BEGIN Records supplied
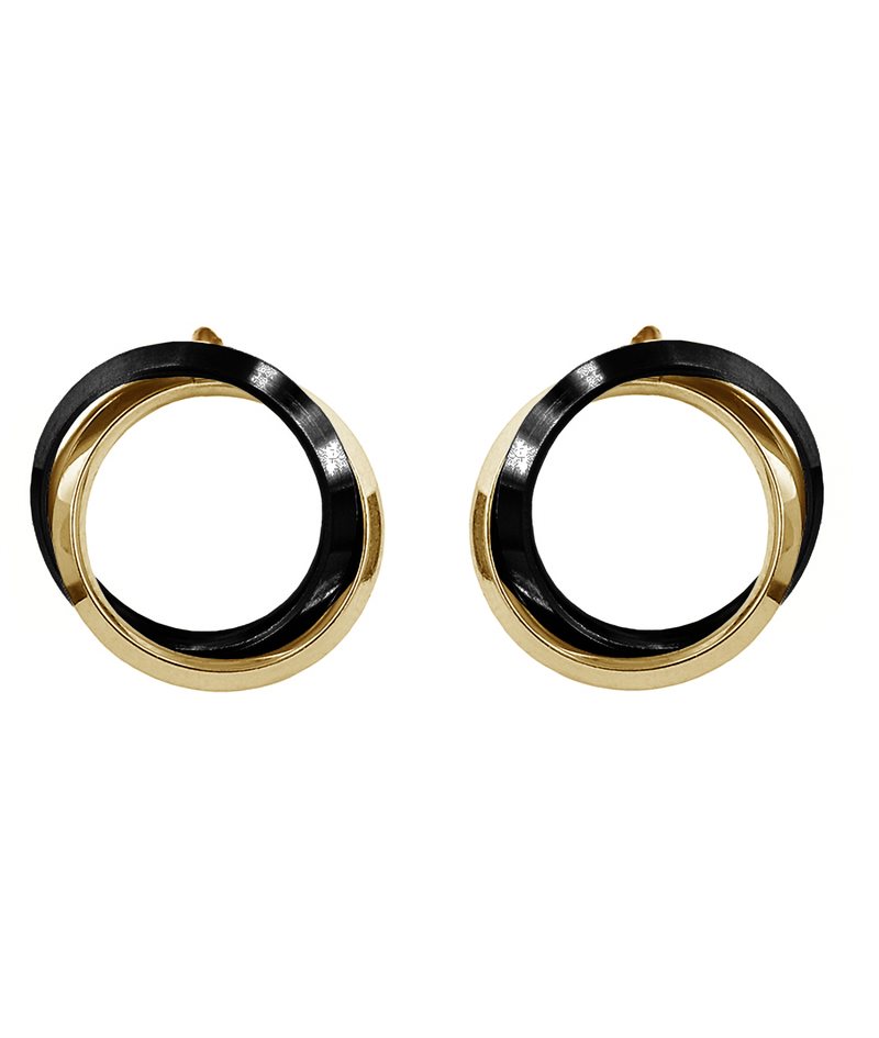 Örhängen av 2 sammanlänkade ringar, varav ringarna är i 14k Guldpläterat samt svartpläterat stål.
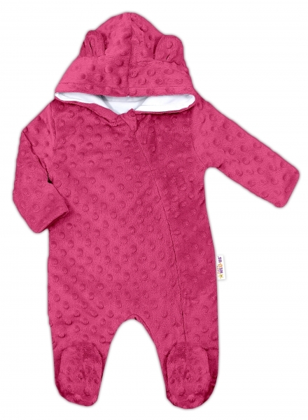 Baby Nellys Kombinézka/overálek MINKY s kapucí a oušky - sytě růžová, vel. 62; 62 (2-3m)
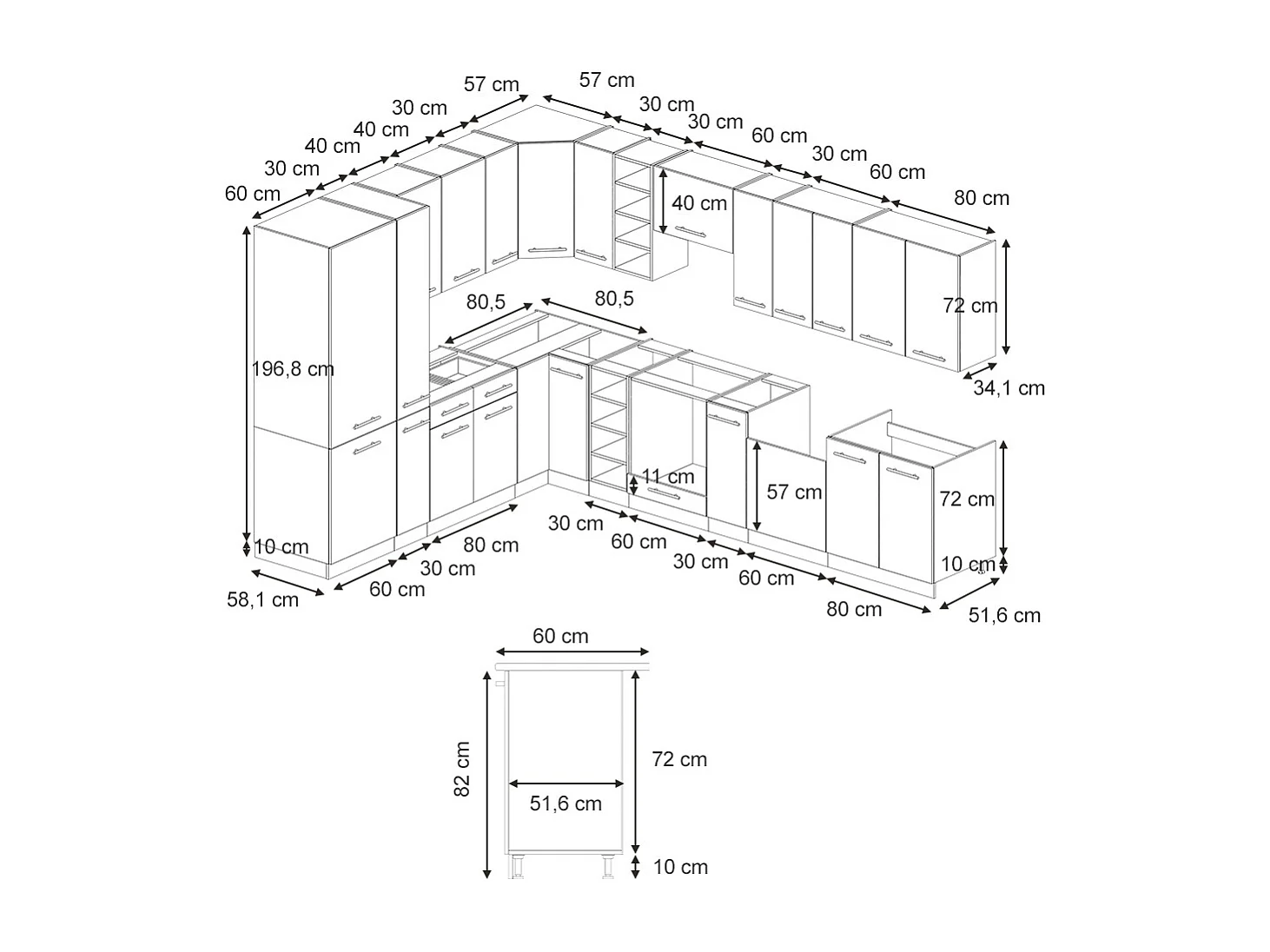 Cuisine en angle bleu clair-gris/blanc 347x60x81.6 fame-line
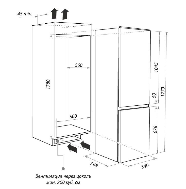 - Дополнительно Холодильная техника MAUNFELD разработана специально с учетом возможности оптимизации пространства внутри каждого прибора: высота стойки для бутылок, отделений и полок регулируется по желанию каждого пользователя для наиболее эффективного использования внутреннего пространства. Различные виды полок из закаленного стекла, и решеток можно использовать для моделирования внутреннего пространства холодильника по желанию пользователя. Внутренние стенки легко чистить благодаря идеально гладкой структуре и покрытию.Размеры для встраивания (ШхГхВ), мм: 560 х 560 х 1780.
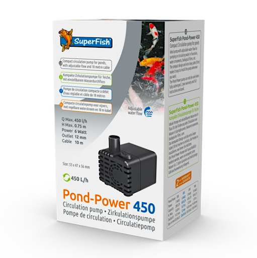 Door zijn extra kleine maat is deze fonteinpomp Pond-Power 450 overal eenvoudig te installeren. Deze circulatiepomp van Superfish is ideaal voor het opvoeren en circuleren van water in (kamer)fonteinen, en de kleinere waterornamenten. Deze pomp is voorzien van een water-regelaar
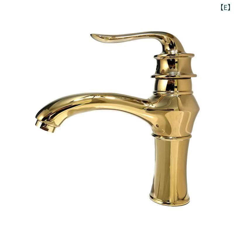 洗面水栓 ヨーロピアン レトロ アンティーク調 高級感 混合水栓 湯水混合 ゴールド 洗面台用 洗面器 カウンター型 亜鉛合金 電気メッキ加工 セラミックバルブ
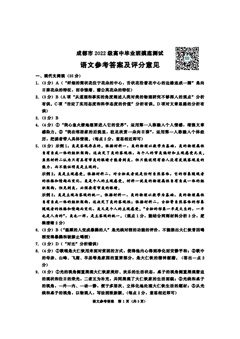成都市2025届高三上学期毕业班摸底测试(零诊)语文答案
END Records supplied
### Exercise instructions
The expected result is the material restated word for word, minus any picture.

### Exercise answer
 Örhängen av 2 sammanlänkade ringar, varav ringarna är i 14k Guldpläterat samt svartpläterat stål.
 Baby Nellys Kombinézka/overálek MINKY s kapucí a oušky - sytě růžová, vel. 62; 62 (2-3m)
 Cuisine en angle bleu clair-gris/blanc 347x60x81.6 fame-line
 - Дополнительно Холодильная техника MAUNFELD разработана специально с учетом возможности оптимизации пространства внутри каждого прибора: высота стойки для бутылок, отделений и полок регулируется по желанию каждого пользователя для наиболее эффективного использования внутреннего пространства. Различные виды полок из закаленного стекла, и решеток можно использовать для моделирования внутреннего пространства холодильника по желанию пользователя. Внутренние стенки легко чистить благодаря идеально гладкой структуре и покрытию.Размеры для встраивания (ШхГхВ), мм: 560 х 560 х 1780.
 Door zijn extra kleine maat is deze fonteinpomp Pond-Power 450 overal eenvoudig te installeren. Deze circulatiepomp van Superfish is ideaal voor het opvoeren en circuleren van water in (kamer)fonteinen, en de kleinere waterornamenten. Deze pomp is voorzien van een water-regelaar
 洗面水栓 ヨーロピアン レトロ アンティーク調 高級感 混合水栓 湯水混合 ゴールド 洗面台用 洗面器 カウンター型 亜鉛合金 電気メッキ加工 セラミックバルブ
成都市2025届高三上学期毕业班摸底测试(零诊)语文答案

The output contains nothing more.